Well, as I’ve said, I don’t think there’s any defending Legacy of the Force. For me, at least, that series is the worst and most unpleasant piece of Star Wars material ever published. Even the likes of The Crystal Star, The Glove of Darth Vader, or the much-maligned Holiday Special are merely goofy and stupid. LotF genuinely feels quite misanthropic and awful, and I don’t like to be reminded of its existence if at all possible.

So I would have supported a retcon of LotF. I would, I suppose, support a retcon trimming of the EU down to The Unifying Force as the cut-off point, because once you cut the NJO I think you’ve probably lost too much that’s worthwhile. Still, as it is, I would rather have the EU plus the awful black mark of LotF than have the post-Disney canon, since even with LotF I feel there is more there that’s worth building on.

I understand why you might feel the opposite, so I’d be happy to leave it there, I guess?

But a few more comments just for the hell of it. ;)

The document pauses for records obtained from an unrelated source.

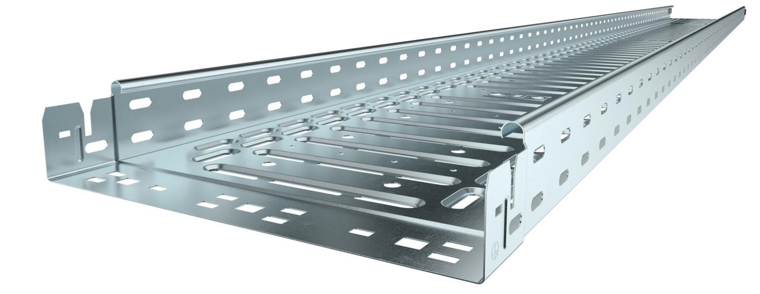 Kabelrinne mit integriertem Schnellbefestigungssystem. Die Nutzlänge der Kabelrinne beträgt 3.000 mm.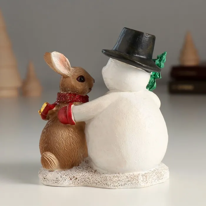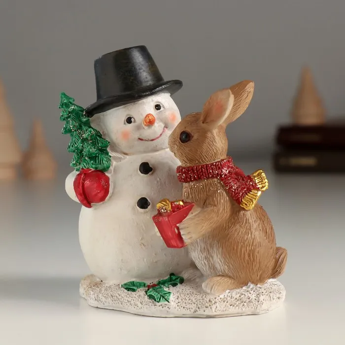 Фигурка полистоун «Снеговичок с ёлочкой и зайкой», 9×6.5×10 см — Характеристики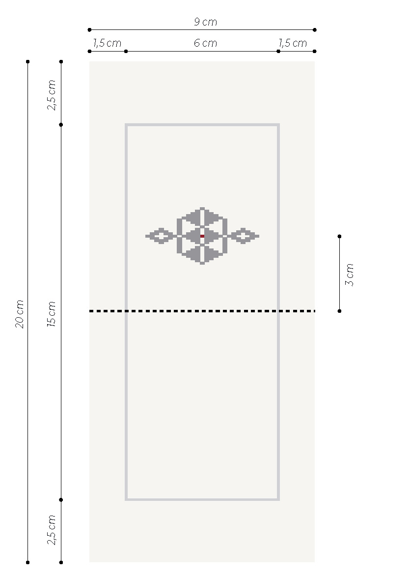 - Das Motiv so platzieren, dass es mittig und 3 cm oberhalb der Falzkante sitzt.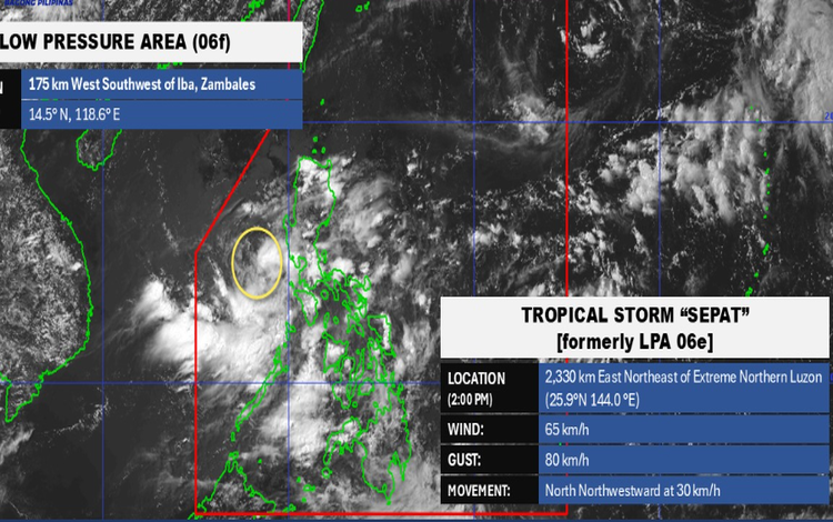 As of 3:00 PM, the LPA was located approximately 185 kilometers west of Cubi Point, Subic Bay International Airport (14.5°N, 118.6°E). Although still outside the Philippine Area of Responsibility (PAR), Tropical Storm SEPAT (international codename 2407) was also monitored at 2,315 kilometers east-northeast of Extreme Northern Luzon. It has maximum sustained winds of 65 kilometers per hour and gusts of up to 80 kilometers per hour, moving north-northwestward at 30 kilometers per hour.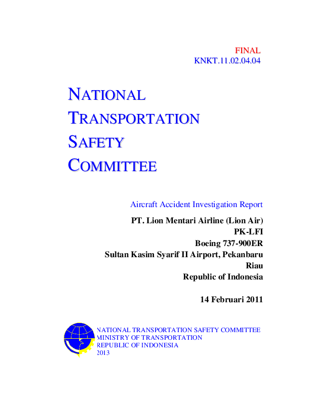 KNKT.11.02.04.04, B739 runway excursion, Pekanbaru Indonesia, 14 Feb 2011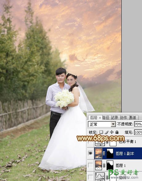 今天我们来学习一篇PS婚片调色实例教程,photoshop调出柔美的霞光情侣婚纱照特效,泛白的图片增加天空是常用的美图方法。过程也很简单,只需要把天空部分加到图片泛白的天空部分,适当用蒙版等控制好范围,后期渲染一下颜色即可。 最终效果 原图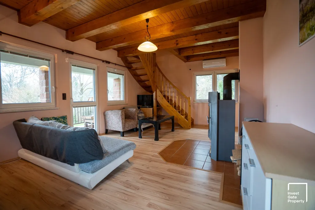 Zděný rekreační dům o dispozici 3+kk ve dvou podlažích se nachází na vlastním pozemku o rozloze 645 m² a díky své poloze nabízí maximální soukromí i skvělé možnosti pro relaxaci i aktivní odpočinek.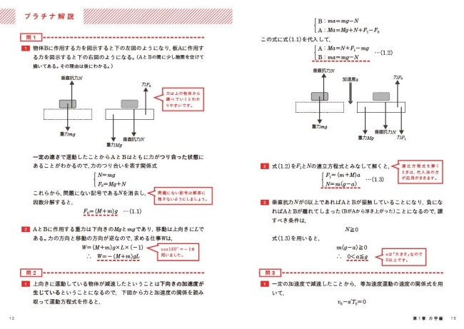 その例題で学んでほしいことや陥りがちな誤答・誤解はもちろん、物理法則の解釈の仕方などにも触れています。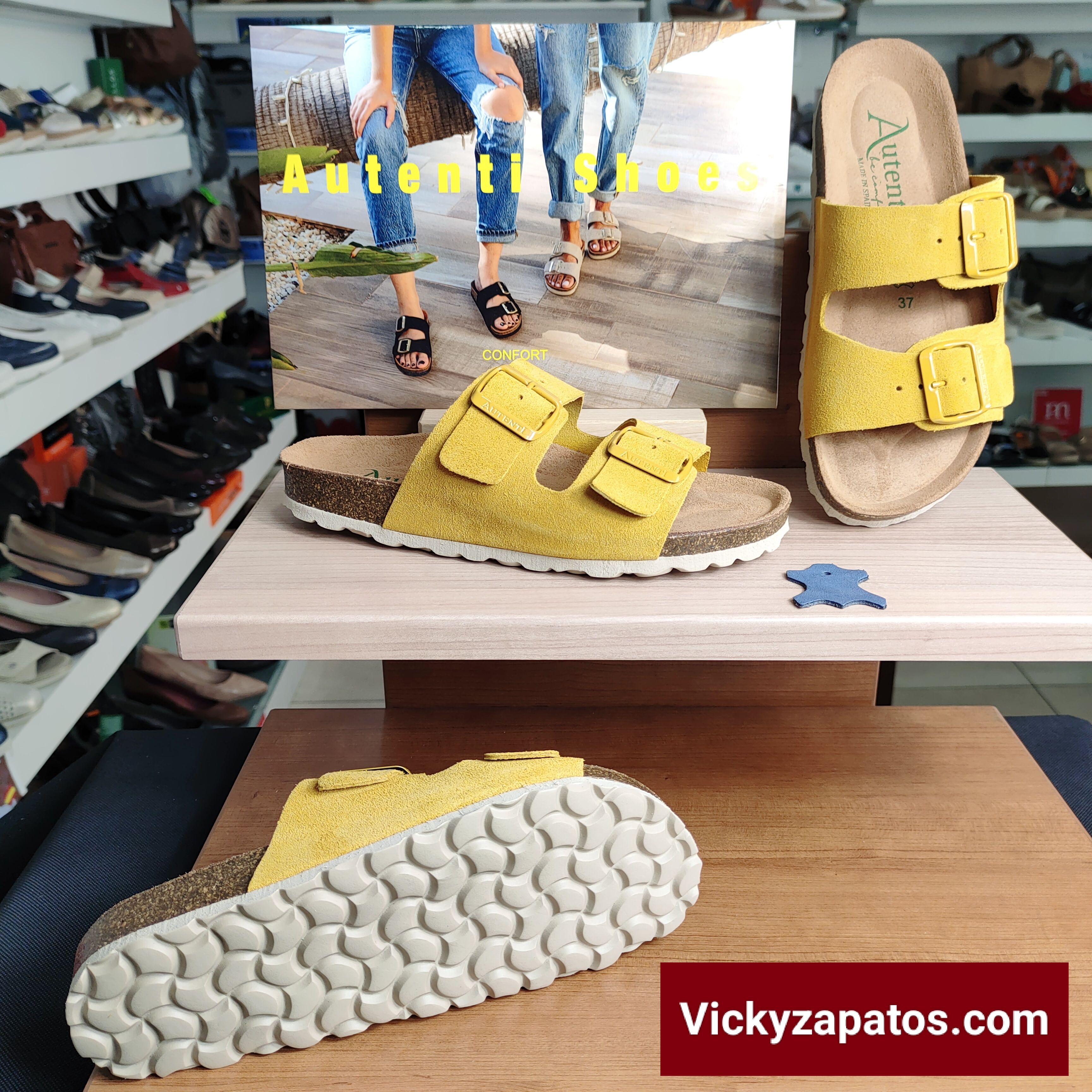 AUTENTI Be Confortable: Sandalia en Piel Afelpada Con Dos Tiras con Hebilla Ajustable Piso de Corcho Natural BIO, Disponible en Color: Mostaza, Todas Hechas en España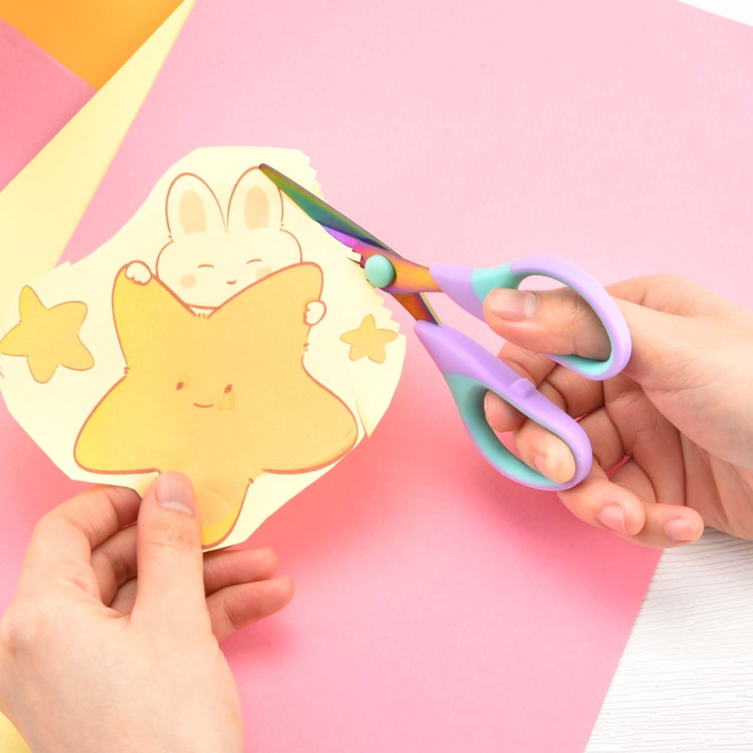 Craft Scissors Set of 3 pack, Sharp Rainbow Titanium Coating All Purpose Scissors, Ergonomic Semi-Soft Rubber Grip, Suitable for School, Office and Household Use, 9.2''/8.5''/5.6"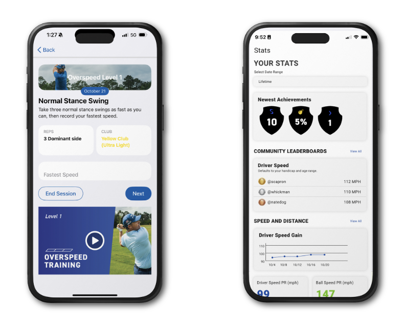 Users can create an account, complete a self-physical assessment and speed assessment, which app algorithms utilize to build an optimal course of action to maximize each user’s speed gains. These personalized plans combine all of SuperSpeed’s training protocols for warm-up, overspeed training, counterweight training, ground force, sequencing, wrist mechanics, ball speed application, grip strength and golf-specific fitness, creating the right training regimen for golfers of all levels, sizes and abilities.
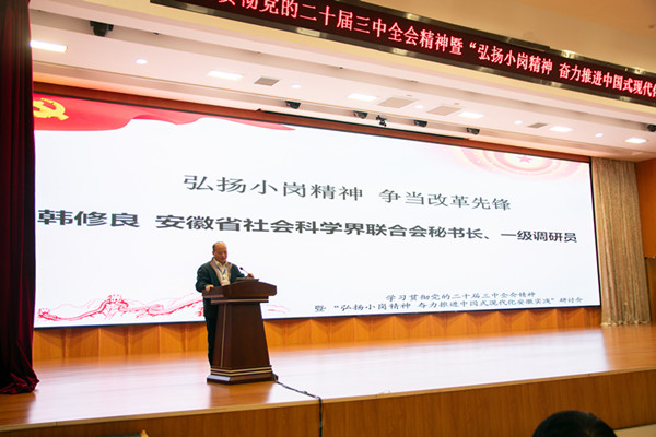 韩修良围绕“弘扬小岗精神 争当改革先锋”做主旨报告。他指出,全面深化改革迫切需要弘扬小岗精神,拿出更大的政治勇气和智慧,更有力的措施和办法;发展出题目,改革做文章,进一步全面深化改革要突出问题导向;中国特色社会主义制度是一个严密完整的科学制度体系,全面深化改革必须以制度建设为主线;深刻把握全面深化改革的牵引、出发点和落脚点;争当先锋要有明确的行动路径。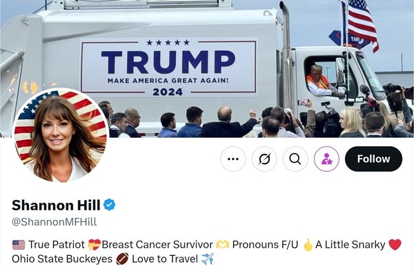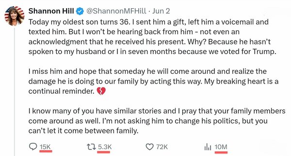 People like Shannon Hill (@ShannonMFHill) who lamented on X about her son cutting off contact over her Trump worship—something prominently displayed on her X profile.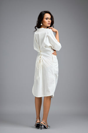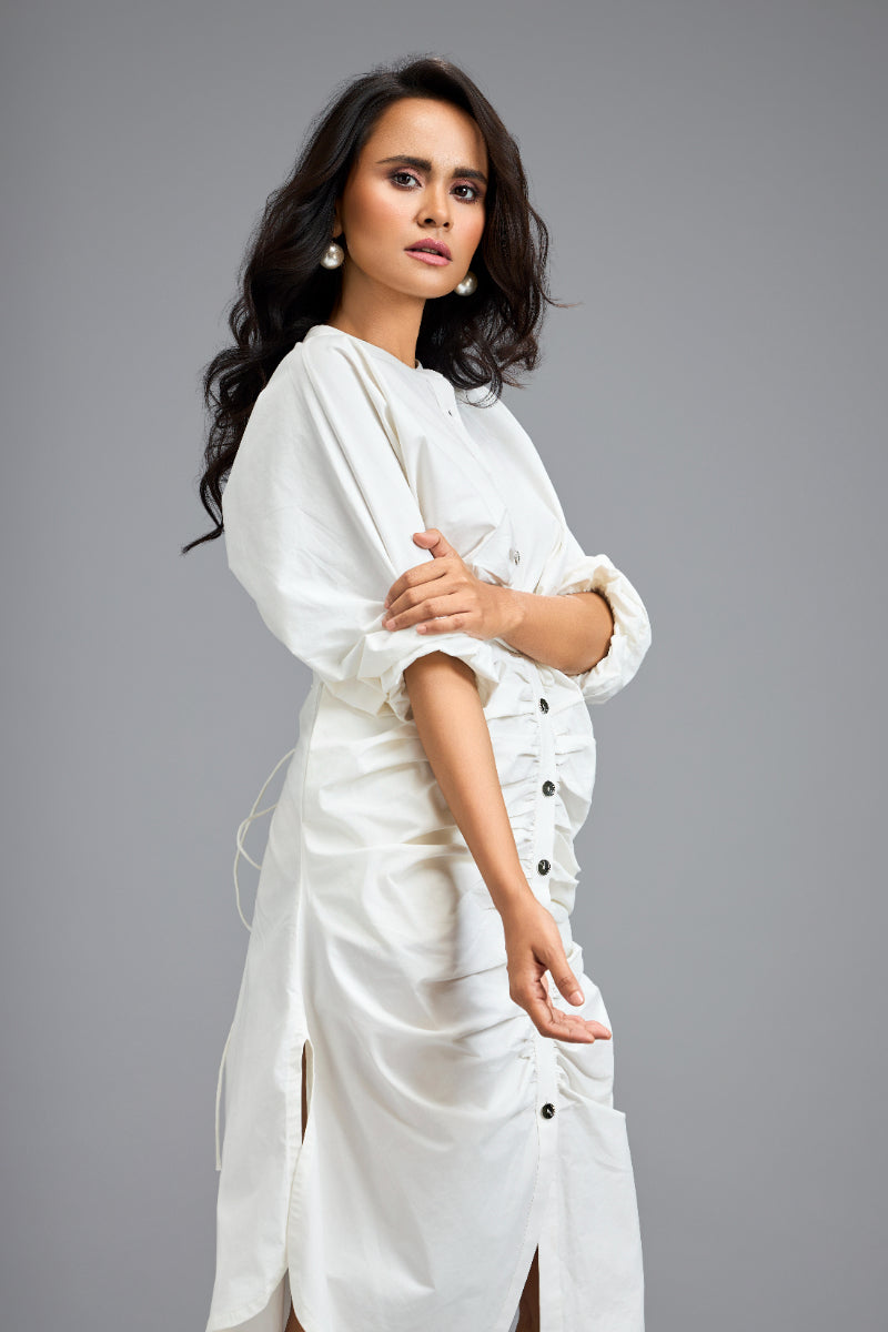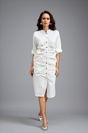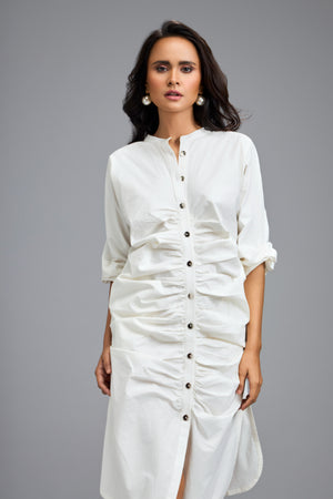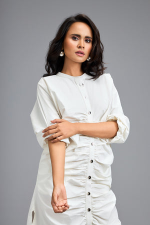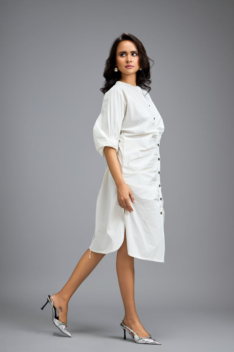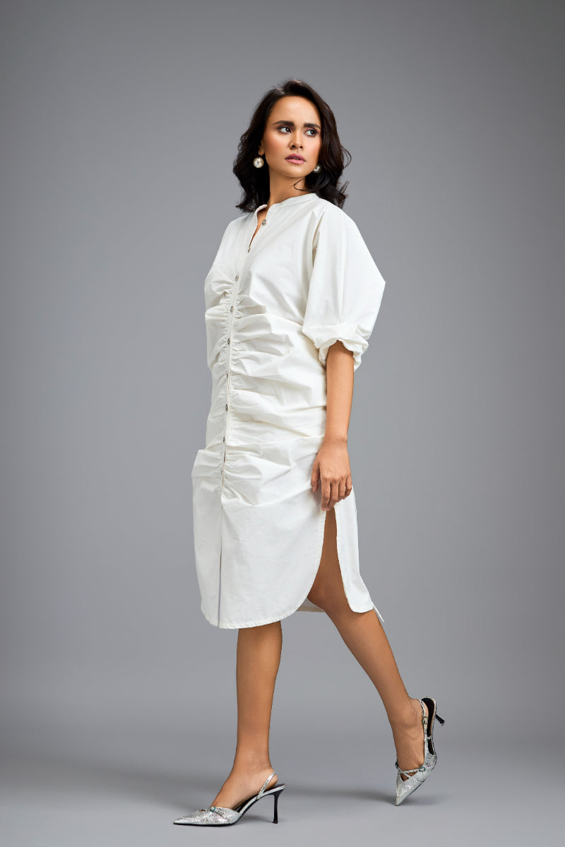 White Shirt Dress With Button-Down Front, Featuring Ruched Detailing Along The Center And Rolled-Up Sleeves

Regarding the Empire in the Legacy comics, I’m actually not sure whether you mean the One Sith or the Galactic Empire under the Fels. I tend to treat them separately, although the One Sith do take over a significant proportion of the Empire. One of the most striking differences for me between the new and old continuities is the direction they’ve taken the Empire. The Empire in the films was always at least quasi-fascist. In the sequel films, it seems as though the Empire has fallen apart except for its most radical elements, who double down and become a genuinely fascist cult. In the EU, the Empire goes through several rounds of civil war, most of the extremists get themselves killed off, leaving moderates with the reins, and they end up reforming the Empire into a less fascist, perhaps even moderately respectable government. It’s like seeing both a ‘bad ending’ and a ‘good ending’ for the Empire: really interesting stuff. I love it from a roleplaying perspective, as it gives me more resources to build the Empire into anything I need it to be, including both ‘dark’ and ‘light’ versions.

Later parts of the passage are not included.